Utilizing a deque data structure from the collections module can optimize the BFS traversal. This method offers efficient append and pop operations from both ends of the deque, improving the performance over list operations.

Here’s an example:

from collections import deque

class Node:
    def __init__(self, key):
        self.left = None
        self.right = None
        self.val = key

def BFS_with_deque(root):
    queue = deque([root])
    while queue:
        node = queue.popleft()
        print(node.val, end=" ")
        
        if node.left:
            queue.append(node.left)
        if node.right:
            queue.append(node.right)

# Example Tree
root = Node(1)
root.left = Node(2)
root.right = Node(3)
root.left.left = Node(4)
root.left.right = Node(5)

BFS_with_deque(root)

Output of this code:

1 2 3 4 5

By using a deque, the code avoids the costly list operations for popping from the beginning of the list. popleft() and append() operations on deque are more efficient and recommended for BFS implementations.

Bonus One-Liner Method 5: Functional Approach

A functional approach to BFS leverages the powerful itertools.chain and generator expressions to compactly perform the traversal in one line. It’s an elegant, albeit advanced, technique.

Here’s an example:

from itertools import chain

class Node:
    def __init__(self, key):
        self.left = None
        self.right = None
        self.val = key

def BFS_oneliner(root):
    level = [root]
    while level:
        print(' '.join(str(node.val) for node in level), end=" ")
        level = list(chain.from_iterable((node.left, node.right) for node in level if node))

# Example Tree
root = Node(1)
root.left = Node(2)
root.right = Node(3)
root.left.left = Node(4)
root.left.right = Node(5)

BFS_oneliner(root)

Output of this code:

1 2 3 4 5

This snippet elegantly handles BFS by maintaining a list of nodes at the current level and using chain.from_iterable() to flatten and filter out None values for the next level, all in a single line loop body.

Summary/Discussion

  • Method 1: Using a Queue. Robust and straightforward.

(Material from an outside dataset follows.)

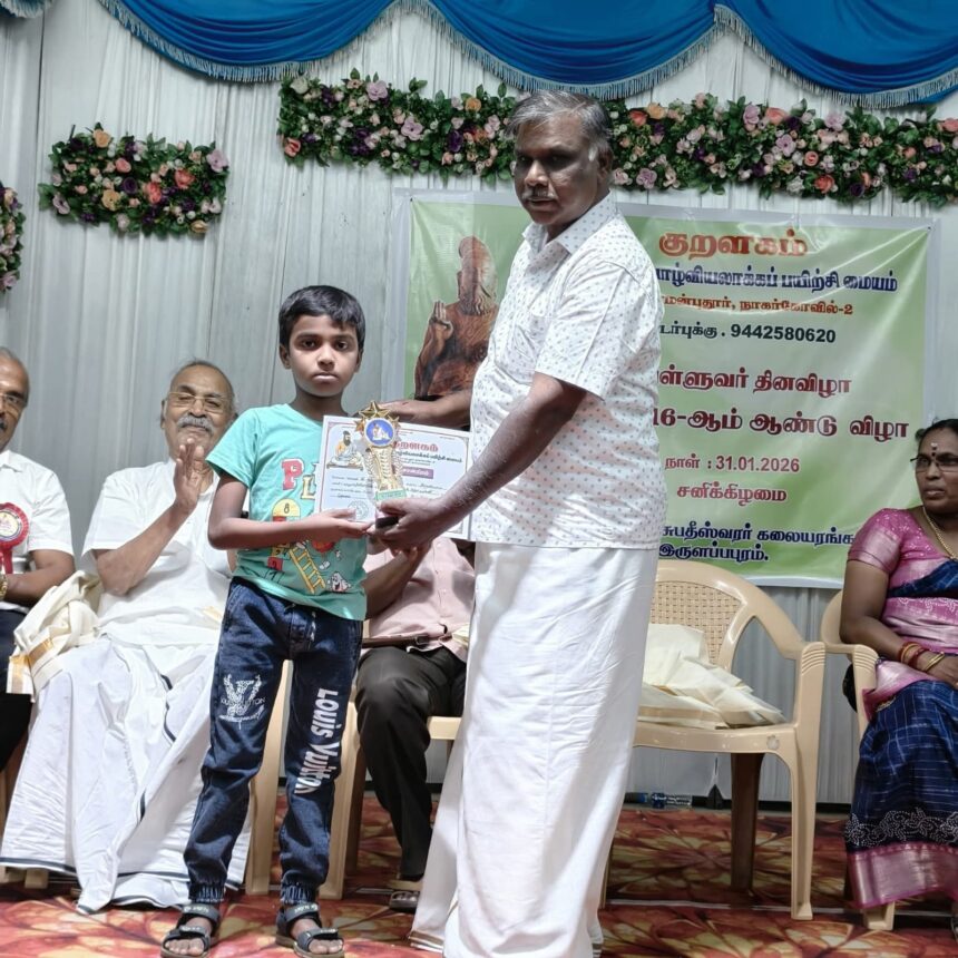 நாகர்கோவிலில் வைத்து கவிஞர் தமிழ்க்குழவியாரின் குறளகம் அமைப்பின் 16- வது ஆண்டு விழா, ஐம்பெரும் விழாவாக காலை தொடங்கி மாலை 7 மணி வரையிலும் நடைபெற்றது.

However, dequeuing from a list is not efficient for large trees.
  • Method 2: Using Recursion and Dictionary. Creative and organized. It can be more memory intensive due to recursion and dictionary overhead.
  • Method 3: Using Iteration and List Comprehension. Clean and Pythonic. Shares the same queue inefficiency as method 1 with large data sets.
  • Method 4: Using a Deque. Optimal for performance. Slightly less readable for newcomers to algorithms compared to the basic queue.
  • Bonus One-Liner Method 5: Functional Approach. Compact and advanced. May sacrifice readability for brevity and is not ideal for those unfamiliar with functional programming concepts.